16 November - 25 January 2019
Opening on Friday, 16 November at 07:00 PM 
Museum of Modern and Contemporary Art
Rijeka, Croatia

Artists: Manon Avram & Pierre Audouard, Pavlica Bajsić Brazzoduro & Dino Brazzoduro, Nisrine Boukhari, Lana Čmajčanin, Tomislav Čeranić, Aleksandar Garbin, Ibro Hasanović, Siniša Labrović, Lukas Marxt & Jakub Vrba, Nika Oblak & Primož Novak, Alicja Rogalska, Sara Salamon & Hrvoje Spudić, Tao G. Vrhovec Sambolec

MMSU collections: Milenko D. Gjurić, Branko Kovačević, Andrija Maurović

Cultural-historical documents are borrowed from the Rijeka City Museum and the Maritime and History Museum of the Croatian Littoral

Curated by Ksenija Orelj and Sabina Salamon

The exhibition thematize escape in a wide range of its possibilities, forms and limits. We encounter existential, physical, imaginary and massive acts of escape as the attempts of obstructing the control of escape. We observe forms of escape as potential ways of survival, where elusion and circumvention of rules and procedures are completely normal. Finally, we depict escape as an ephemeral practice based on movement, which tends to go against the Law that mainly exists only as a written word and as such remains open to whimsical interpretations and unjust implementations.

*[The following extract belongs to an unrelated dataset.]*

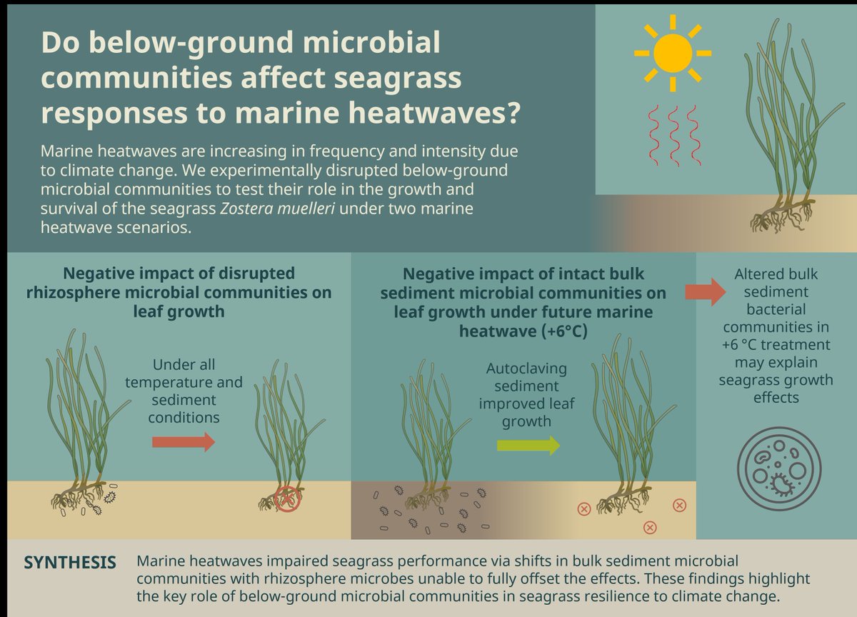 🌱🔥🌊 Marine heatwaves impact #seagrass via belowground #microbes! Rhizosphere microbes support growth, but bulk sediment microbes may hinder growth under heat stress.🦠 @SydneySOLES @DR_GRIB @elicario2 @joseelhart buff.ly/04FsN4K

In the diapason of meanings carried by word “escape” – escape of thoughts, escape from reality, escape from danger and threat – we interpret escape primarily as an act of crossing the standard borders and flouting the norms, measures and regulations. With works from the collections of Rijeka’s museums (the Museum of Modern and Contemporary Art, the Rijeka City Museum and the Maritime and History Museum of the Croatian Littoral) as well as the works of selected and invited artists, we take a look at the trails and records of escape: from myths and Biblical references to actual events such as masses of refugees on their way to the European Union.

This exhibition intertwines artistic, cultural, historical and social perspectives, viewing the above stated topic as a mechanism of survival, evident particularly in periods of crisis, such as nowadays, with masses on the move without safe passage and shelter. While the need to escape often carries a negative connotation, in this exhibition we take interest in escape as a proactive and self-sustaining act manifesting itself in two ways at least – as a reaction to the lack of tolerance toward the current state of affairs, but also as a privilege that enables us to carry out an act of fleeing in the first place. Escape flows in the stream of antagonisms, being the punishment and the treat at the same time.